Victor and Sami, I very much enjoyed this weekend’s podcast. The history lessons you provide are really interesting. There is such great insight and analysis of what transpired in the past, and how these events are relevant to current times. I look forward to your podcasts, and also those with Jack.
Man, I love this series. The discussion of Thucydides checked all the boxes (ok, maybe we didn’t get lexicography and transmission) you’d find in a “Cambridge Companion to Thucydides” or higher level college course and did so with sufficient nuance and clarity at the same time. This is VDH, educator of People (ignobile vulgus formed by his pious dictas?) At his best. Roll on Selma Raison Farmer. Spite the impious frosts! Vergil-like, thou shalt abide when thy critics are ashes and dust.

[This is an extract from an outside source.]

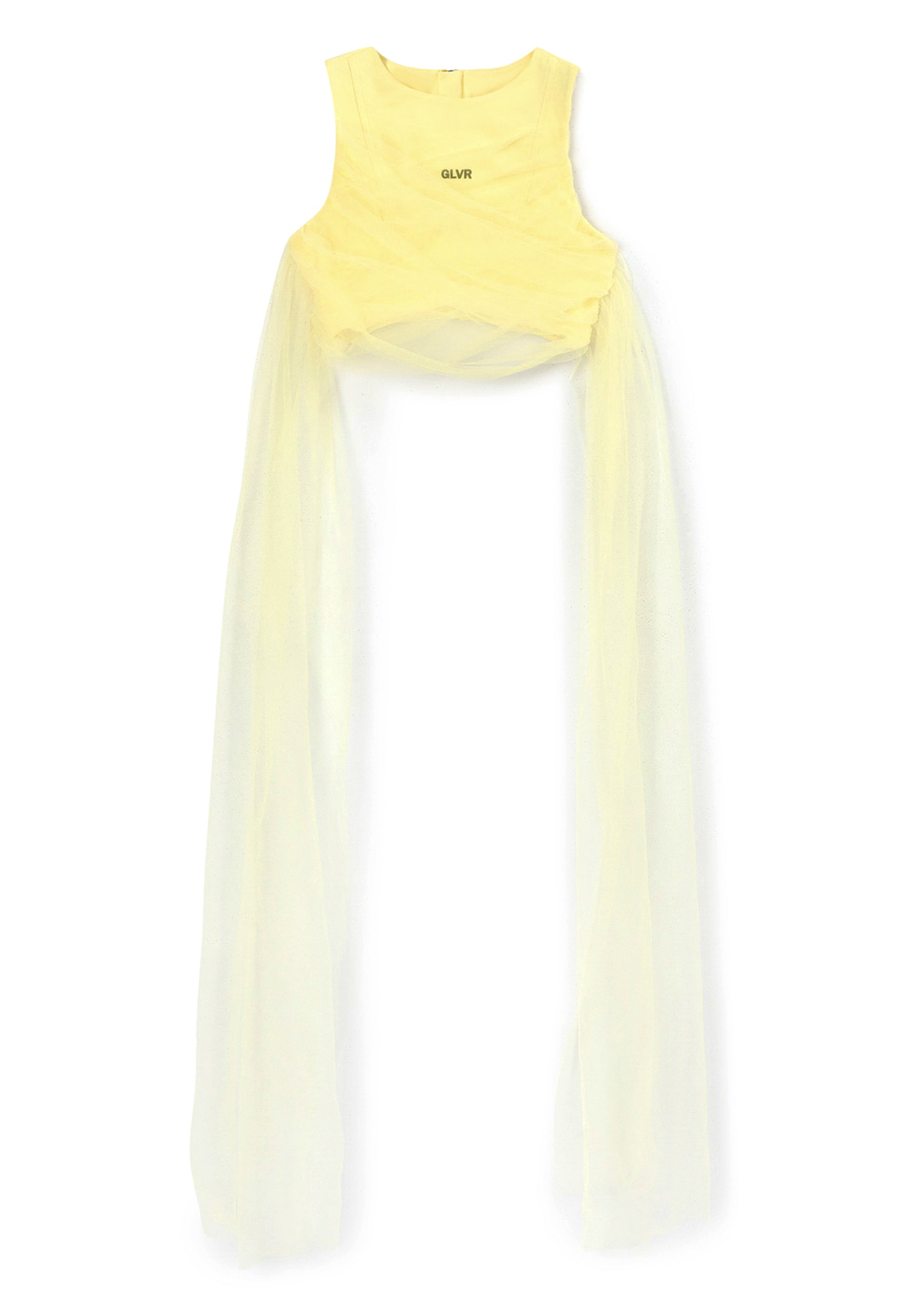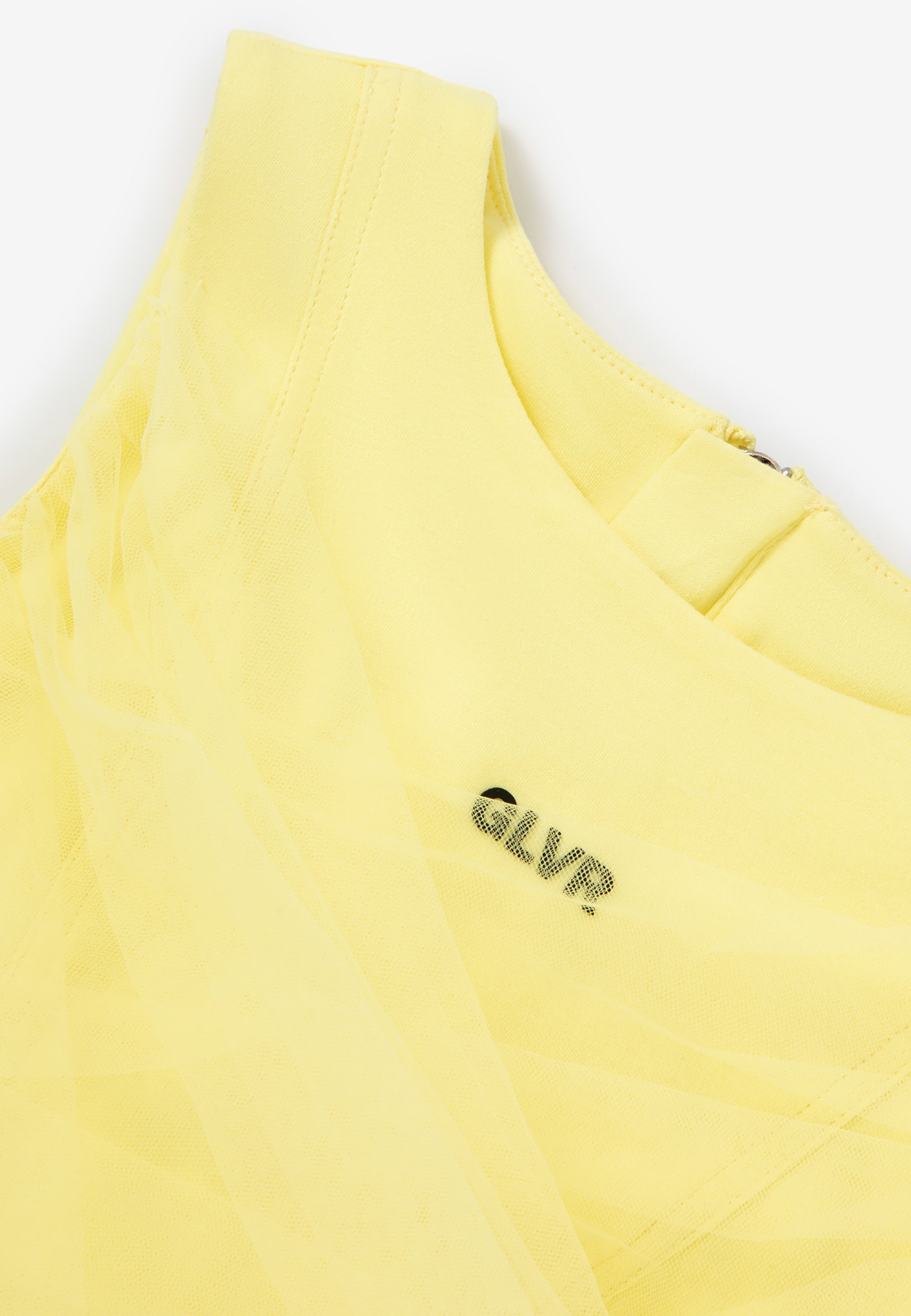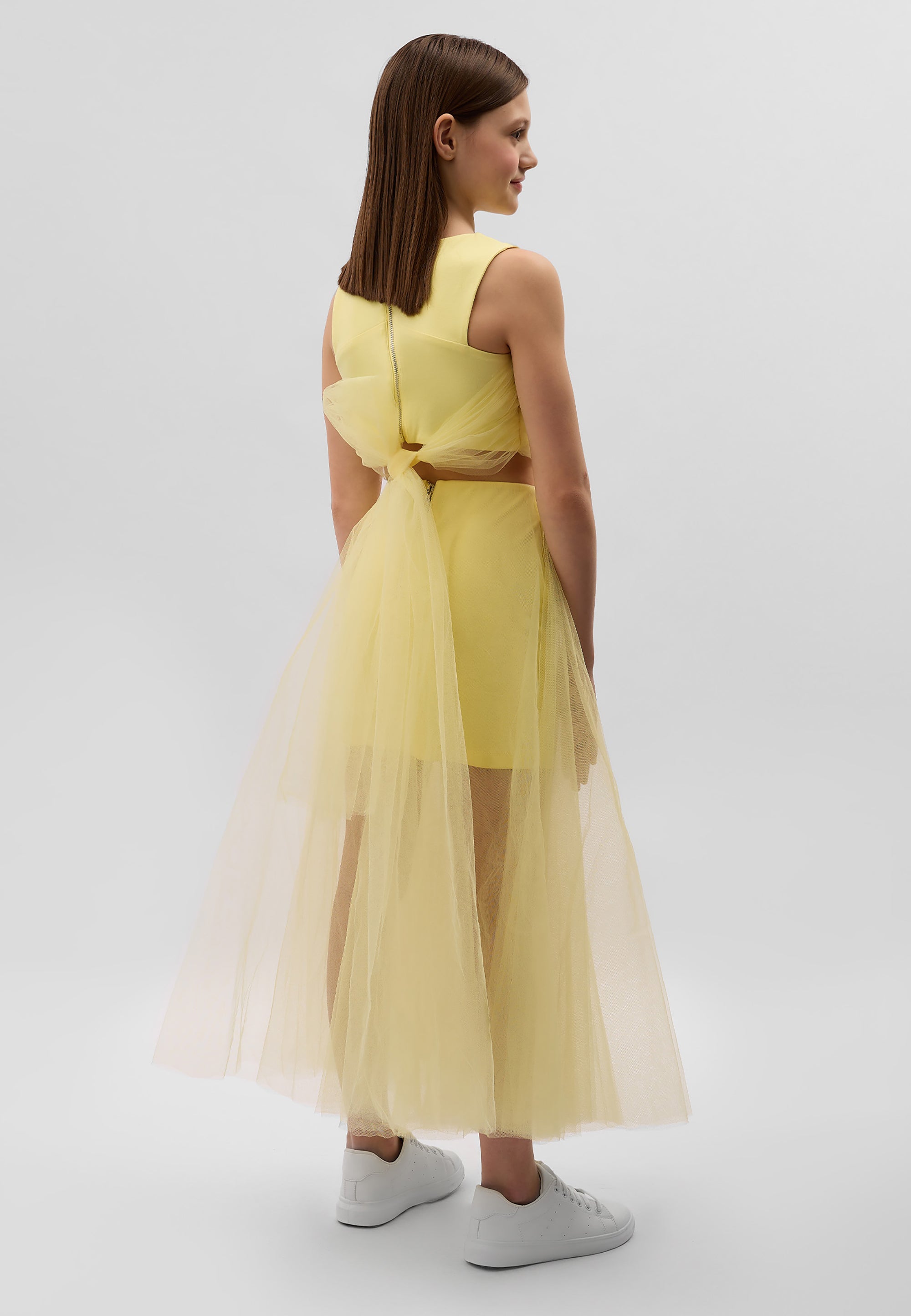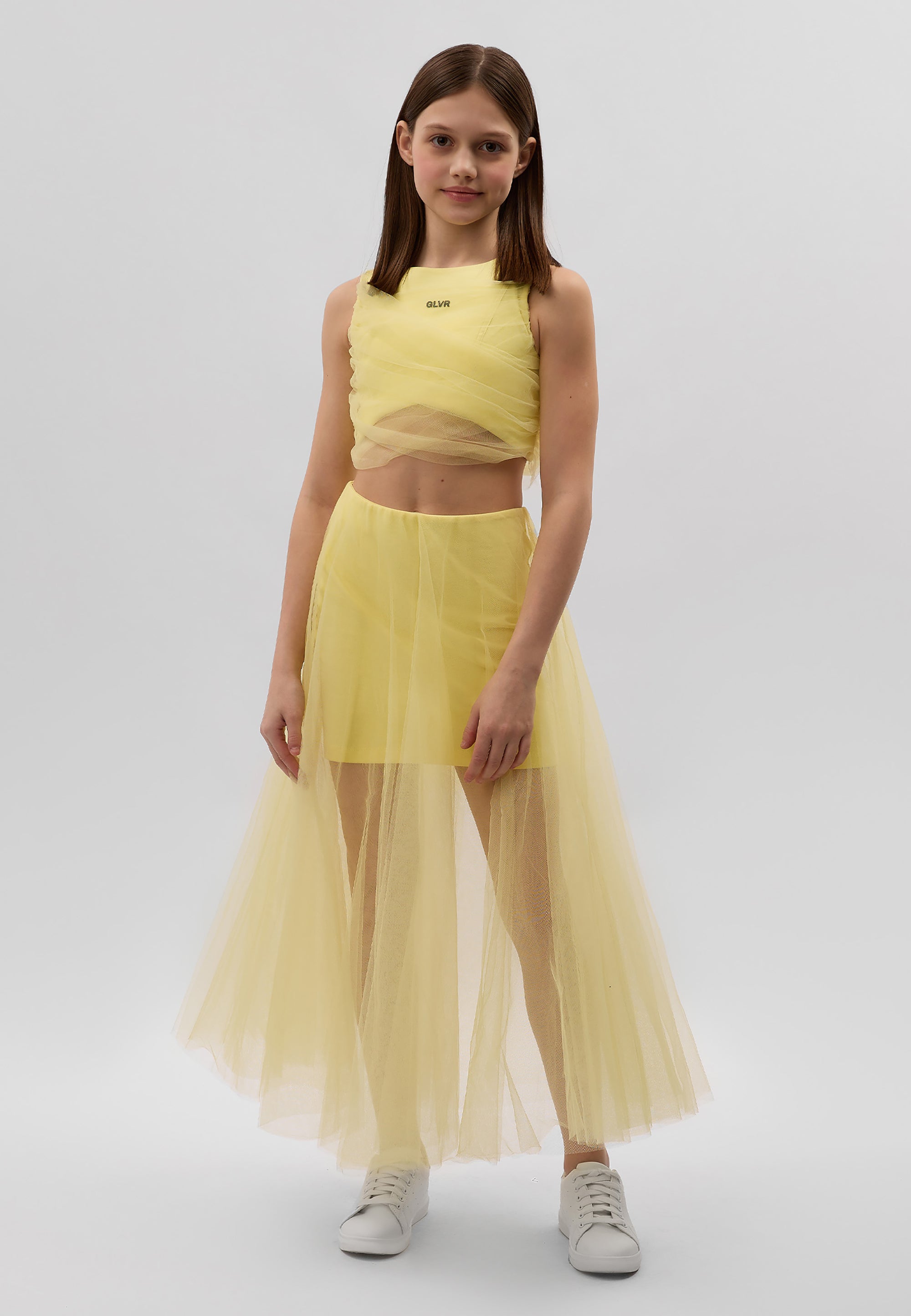 Сякаш фея от вълшебна приказка! Блузата в нежно жълт цвят със сигурност няма да остави момичето незабелязано! Скъсената блуза е изработена от мек и приятен на допир мерсеризиран интерлок. Декорацията с пищна мрежа придава на модела лекота и ефирност, правейки го официален и много женствен. Конструкцията на модела позволява оформяне на визията според настроението. Дългите ленти от мрежа могат да се увият няколко пъти около талията и да се завържат на стегнат възел или панделка, а могат да се оставят да падат свободно, създавайки красив ефект на шлейф при движение. Блузата се закопчава с цип на гърба. Моделът съставя завършен официален комплект с жълтата пола 125GPGJC6103 от същия материал или с всяка друга долна част от празничната колекция на Gulliver „Лемонграс“.

Obvious question, why is called Peloponnesian War, and not Athens/Sparta war?
The word Peloponnesian comes from the name of the peninsula in southern Greece called the Peloponnese. This peninsula was home to many of the great Greek city-states including Sparta, Argos, Corinth, and Messene. After the Persian War, Athens and Sparta had agreed to a Thirty Year Peace.
Thucydides wrote the major work on those 27 years of conflict and a) saw all the wars in Greece during this period as a united phenomenon b) was an Athenian writing about a war with Sparta’s Peloponnesian League. That gave him the formula of “Peloponnesian War”. His work, being the oldest and most popular, set the terms for millenia of debate.
Ancient Greece was a civilization that dominated much of the Mediterranean thousands of years ago. At its peak under Alexander the Great, ancient Greece ruled much of Europe and western Asia. The Greeks came before the Romans and much of the Roman culture was influenced by the Greeks.
Ancient Greece formed the foundation of much of Western culture today. Everything from government, philosophy, science, mathematics, art, literature, and even sports was impacted by the ancient Greeks.
Historians often divide up the history of ancient Greece into three periods:
Archaic Period – This period ran from the start of Greek civilization in 800 BC to the introduction of Democracy in 508 BC. This period included the start of the Olympic Games and Homer’s writing of the Odyssey and the Illiad.
Classical Period – This is the time that many of us think of when we think of ancient Greece. Athens was governed by a democracy and great philosophers like Socrates and Plato arose. Also, the wars between Sparta and Athens were during this time. This period ended with the rise and then the death of Alexander the Great in 323 BC.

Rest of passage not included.